Lene D. Sjö,1,2 Steffen Heegaard,1 Jan U. Prause,1 Bodil L. Petersen,2 Sanni Pedersen,2 and Elisabeth Ralfkiaer2

1From the Eye Pathology Institute, Department of Neuroscience and Pharmacology, University of Copenhagen, Copenhagen, Denmark; and the 2Department of Pathology, Copenhagen University Hospital, Copenhagen, Denmark.

PURPOSE. To evaluate clinical, immunophenotypical, and cytogenetical characteristics of 116 patients with a diagnosis of extranodal marginal zone lymphoma (EMZL) presenting primarily in the ocular region.

METHODS. Specimens from all patients with a diagnosis of ophthalmic lymphoma in Denmark during the period 1980 to 2005 were reviewed and reclassified according to the World Health Organization (WHO) classification. Cases reclassified as EMZL were selected and reviewed with respect to clinical characteristics and outcome. The presence of translocations involving IGH and/or MALT1 was investigated in 42 specimens by fluorescence in situ hybridization (FISH).
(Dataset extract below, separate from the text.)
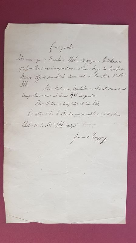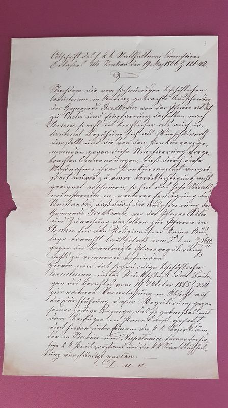Nie dotarliśmy do informacji jaka była oficjalna przyczyna zmiany parafii przez naszą wieś, ale 14 grudnia 1865 roku naczelnik CK Urzędu Powiatowego w Bochni prosi proboszcza z Chełmu, o przybycie wraz z dziekanem z Wiśnicza, na zebranie komisji dotyczącej odłączenia gminy Grodkowice z parafii Chełm. Komisja odbyła spotkanie 18 grudnia 1865 roku. W rezultacie, 3 maja 1866 roku nasza wieś została oficjalnie wydzielona z parafii w Chełmie i przydzielona do parafii Brzezie. Władze kościelne wraz z komisarzem cywilnym, zarządziły przekazanie tej informacji do wszystkich okolicznych parafii i urzędów, w celu jej upublicznienia. Ponadto proboszcz w Chełmie został zobowiązany do przygotowania ksiąg parafialnych, celem przekazania ich do Brzezia. Oficjalny charakter wydarzenia wynikał także z jednoczesnej zmiany dekanatu oraz wyższych władz kościelnych (z Tarnowa przeszliśmy pod Kurię w Krakowie). Dnia 2 października 1866 roku proboszcz z Brzezia - J. Krajger, złożył oświadczenie, że przyjął księgi parafialne dotyczące Grodkowic od parafii Chełm.

RESULTS. Median age was 69 years. Most lymphomas were located in the orbit. Approximately one fourth of the patients had disseminated disease at presentation. One third experienced a relapse or progression of disease after initial therapy, and relapses were frequently found at extraocular sites. Five-year progression-free survival and overall survival (OS) rates were 71% and 75%, respectively. Translocations involving the IGH- or MALT1-gene loci were detected in 2 (5%) of 42 specimens. In Cox regression multivariate analysis, IGH-translocation was the only factor associated with PFS, whereas a favorable International Prognostic Index (IPI) score was the most reliable predictor of OS.

CONCLUSIONS. EMZL presenting in the ocular region usually runs an indolent course, but relapses are frequently seen. The IPI-score was the most reliable independent parameter for estimating risk of death in our cohort of patients. Furthermore, we found that the frequency of translocations involving the MALT1- and IGH-gene loci is low in ocular region EMZL.